The writing, though, was weak, especially given the seismic orgasms that everyone seems to be having over it. I thought it was dry and methodical. Larsson, having been a journalist, was probably used to explaining things in a clear, concise manner, which is probably why his fiction is an exercise in exposition. The book is rife with passive, explanatory language, making it seem distant and impersonal. He tries to present some extremely visceral things and makes it read like a scientific journal article. It's all tell and no show. He invented some colorful characters and then painted them in greyscale.

Descriptions are cursory and not very evocative. They give you the setting but don't pull you into it. It's sort of like the props in an elementary school play; they're just kinda there. What he does expound on are pointless details and veritable laundry lists of actions ("She did this. She did that. Then, she did the other thing.") Sentence after repetitive sentence of ways and means with nothing with which to empathize. He also had a tendency to sprinkle in brand names and, in particular, he loved to recite computer stats. At one point, I thought I was reading a Best Buy ad. It's like the work of an author who's a gun enthusiast and insists on detailing bore sizes and muzzle velocities in the middle of a gunfight. Or, the cook who gives us a handy recipe. Steig liked his computers and he did his homework. Fantastic. If it doesn't advance the story, it just sounds like pandering.

His use of foreshadowing is blatant, almost patronizing. It's one thing to give the reader a hint of what's to come, it's quite another to bash him over the head with an announcement that something big and important is coming up in the next paragraph. It came off as very amateurish (and, since I'm an amateur, I would know.)

There's also a lot of unabashed proselytizing in it. All writers inject their own views into their work, but the good ones make it a part of the story. Larsson unloads unvarnished diatribes about the Swedish economy and social systems and personal injustices like...well...like a journalist. You don't make good chocolate chip cookies by dumping a pile of chips in the middle of the dough and spooning it out. You gotta work it in.
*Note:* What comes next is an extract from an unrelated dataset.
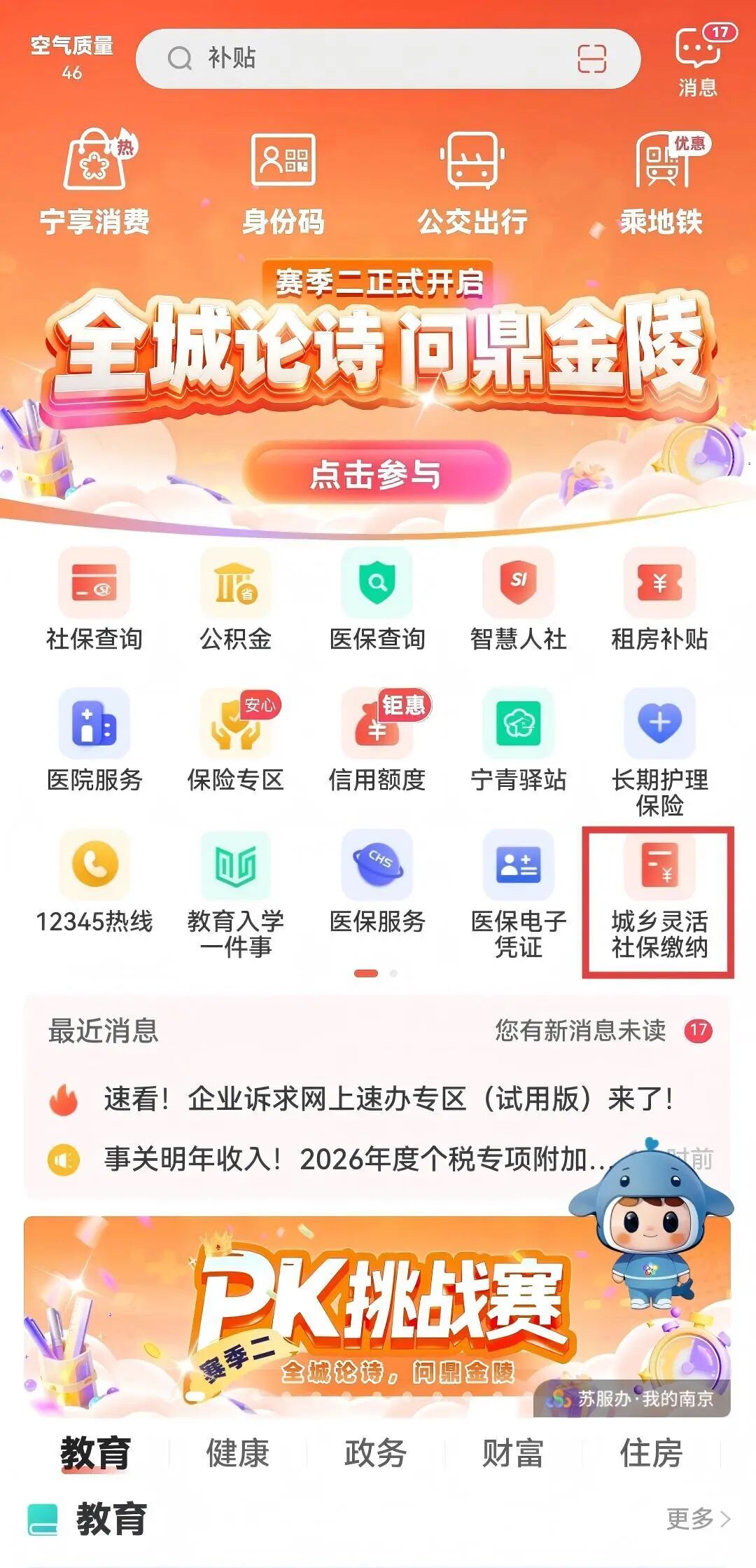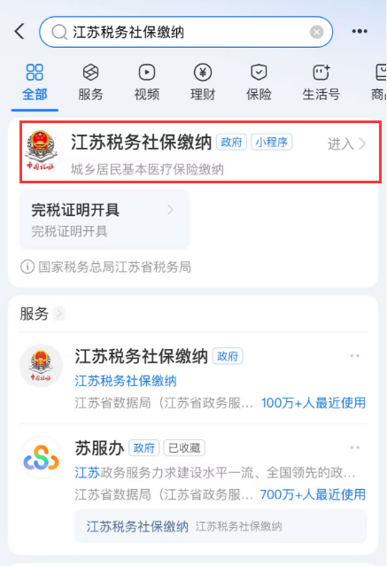 微信缴费方式:关注“南京税务”公众号,依次点击“微服务”—“社保缴纳”或者微信搜索“江苏税务社保缴纳”小程序办理。

My biggest bitch with the book is Larsson's frequent, frenetic changes in the point-of-view. I could never tell who's eyes I was looking through and his expository dronings made it even more confusing. He flipped from one character to another in some nebulous, omniscient narrative voice and I found myself backtracking all the time. A book doesn't count as a page-turner if the pages are going in the wrong direction.

So, to put it in brainless-teenage-girl lingo, I liked it, but I didn't like it like it. Good story, mediocre book. The movie might actually turn out better. I'll read book two, but I don't think it won't keep me awake at night.

1 comment:

  1. I too was drawn to read it because of all the gushing over it. This was one of those rare times that I actually started reading something and decided not to continue on. COULD NOT get into it. I read a lot so I've just moved on.